(Exercise objective)
From the records that follow, return exactly the lines beginning at the one that contains "Сертифікат про участь" and ending at the one that contains "智通财经APP获悉,香港联交", pictures left out.

(Dataset)
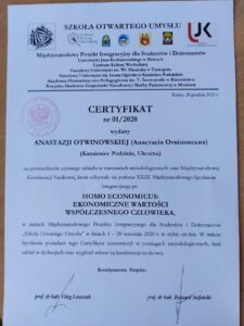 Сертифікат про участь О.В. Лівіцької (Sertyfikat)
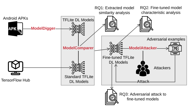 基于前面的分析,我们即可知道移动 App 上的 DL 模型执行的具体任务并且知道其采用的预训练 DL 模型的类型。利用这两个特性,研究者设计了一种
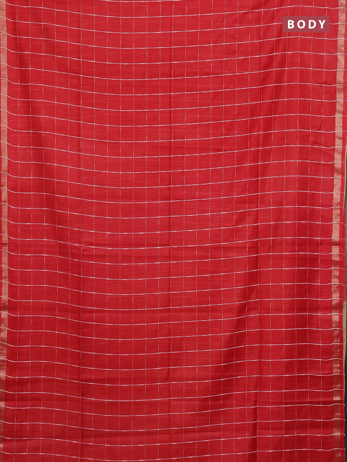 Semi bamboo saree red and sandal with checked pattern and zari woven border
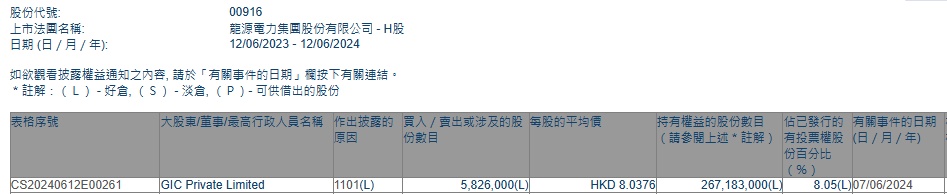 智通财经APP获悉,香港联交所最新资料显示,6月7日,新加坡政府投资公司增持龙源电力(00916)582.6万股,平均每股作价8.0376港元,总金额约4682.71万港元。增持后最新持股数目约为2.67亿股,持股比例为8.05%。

==

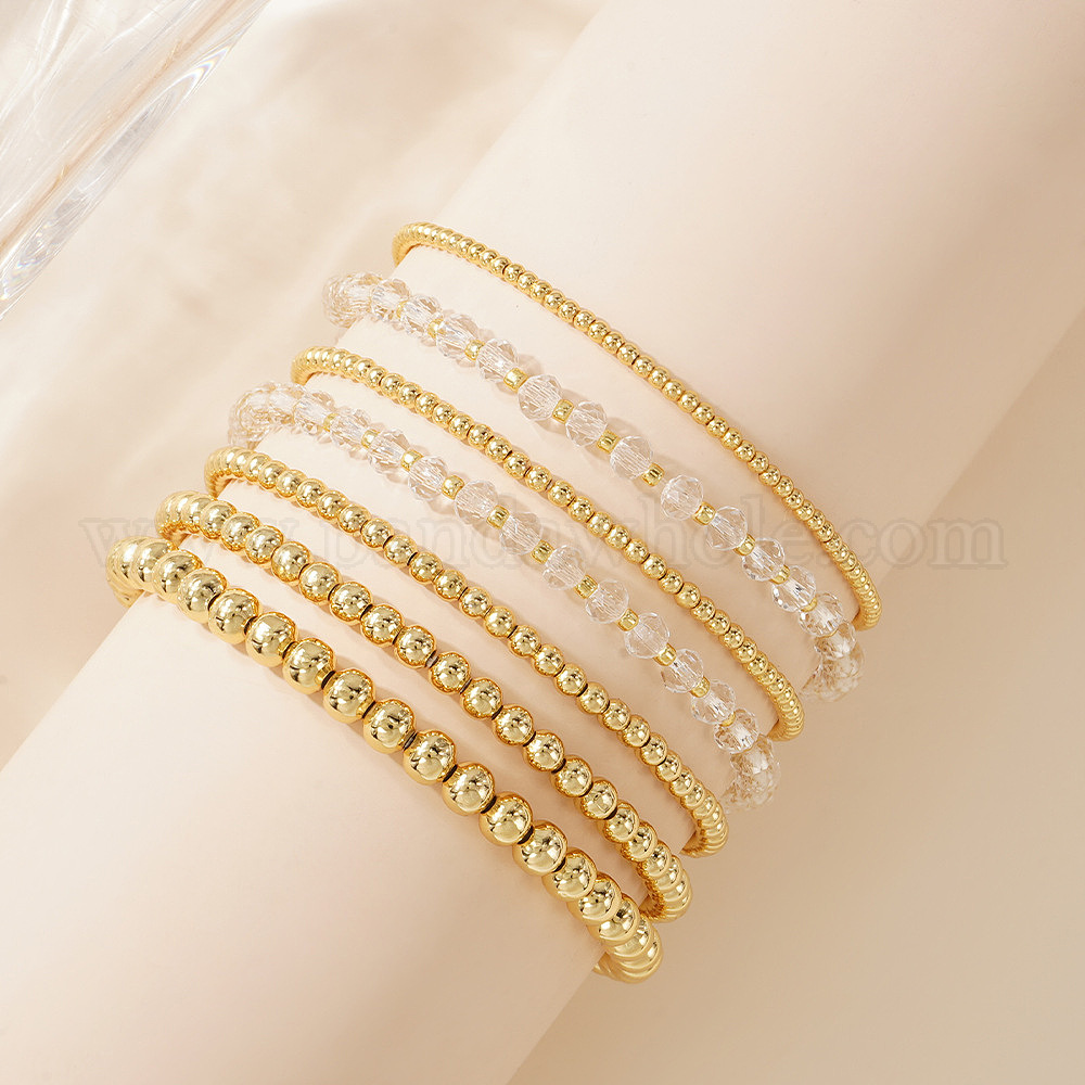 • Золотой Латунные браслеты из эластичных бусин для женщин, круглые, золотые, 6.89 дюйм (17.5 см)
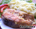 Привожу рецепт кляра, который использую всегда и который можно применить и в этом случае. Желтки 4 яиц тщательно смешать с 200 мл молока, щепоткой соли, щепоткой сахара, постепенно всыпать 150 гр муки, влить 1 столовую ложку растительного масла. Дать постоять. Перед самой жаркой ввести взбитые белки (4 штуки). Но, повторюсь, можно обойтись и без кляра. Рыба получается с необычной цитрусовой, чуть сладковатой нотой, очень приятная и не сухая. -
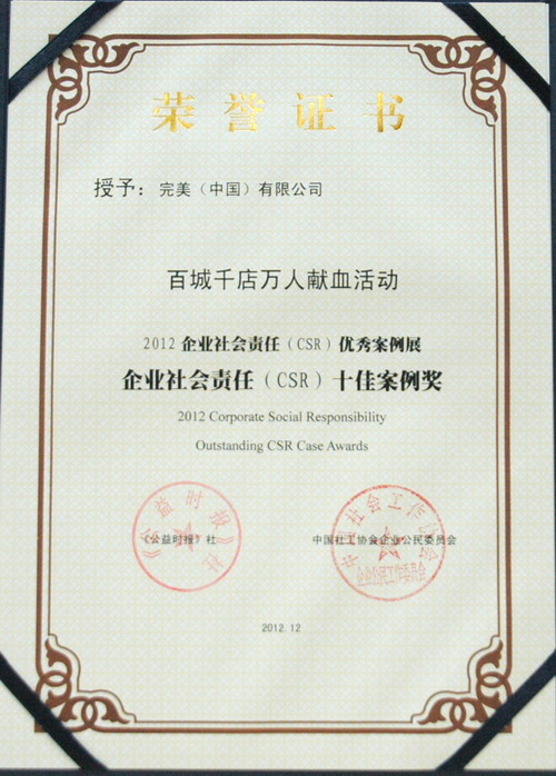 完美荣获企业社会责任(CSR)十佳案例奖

(Output of the task)
 Сертифікат про участь О.В. Лівіцької (Sertyfikat)
 基于前面的分析,我们即可知道移动 App 上的 DL 模型执行的具体任务并且知道其采用的预训练 DL 模型的类型。利用这两个特性,研究者设计了一种
 Semi bamboo saree red and sandal with checked pattern and zari woven border
 智通财经APP获悉,香港联交所最新资料显示,6月7日,新加坡政府投资公司增持龙源电力(00916)582.6万股,平均每股作价8.0376港元,总金额约4682.71万港元。增持后最新持股数目约为2.67亿股,持股比例为8.05%。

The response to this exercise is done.